I have been given the following info:
a<1> = 1, a<n+1> = 3*a<n>/6+a<n>
I plugged L in and ended up with the equation: L = 3*L/6+L, which I solved and got L = -3 for the limit. However, this answer is either only partially correct or close to the true answer. Any help is appreciated.
A little work shows that the nth term
a<n> = 3/(2^(n+1)-1)
Now, do you want the limit of the terms, or the limit of the sums?
a<?> = 0
S<?> = 3(sum 1/(2^(n+1)-1)
I thought that would be relatively simple, but you can see below that it is not:
http://www.wolframalpha.com/input/?i=sum+1%2F(2%5Ek-1)

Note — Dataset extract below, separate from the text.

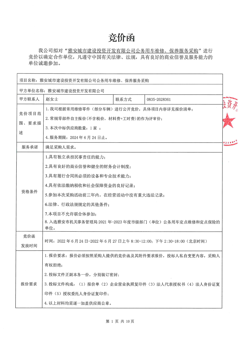雅安城市建設投資開發有限公司 公務用車維修、保養服務采購項目競價公告

Based on the equation you provided, we have the recurrence relation:
a<1> = 1
a<n+1> = 3 * a<n> / 6 + a<n>
To find the limit (if it exists) of this sequence, we can express it in terms of itself:
L = 3 * L / 6 + L
Simplifying this equation, we get:
L = (3L + 6L) / 6
L = 9L / 6
To solve for L, we can multiply both sides of the equation by 6:
6L = 9L
Subtracting 6L on both sides:
6L - 6L = 9L - 6L
0 = 3L
Dividing by 3:
L = 0
Therefore, the limit of the given sequence is L = 0.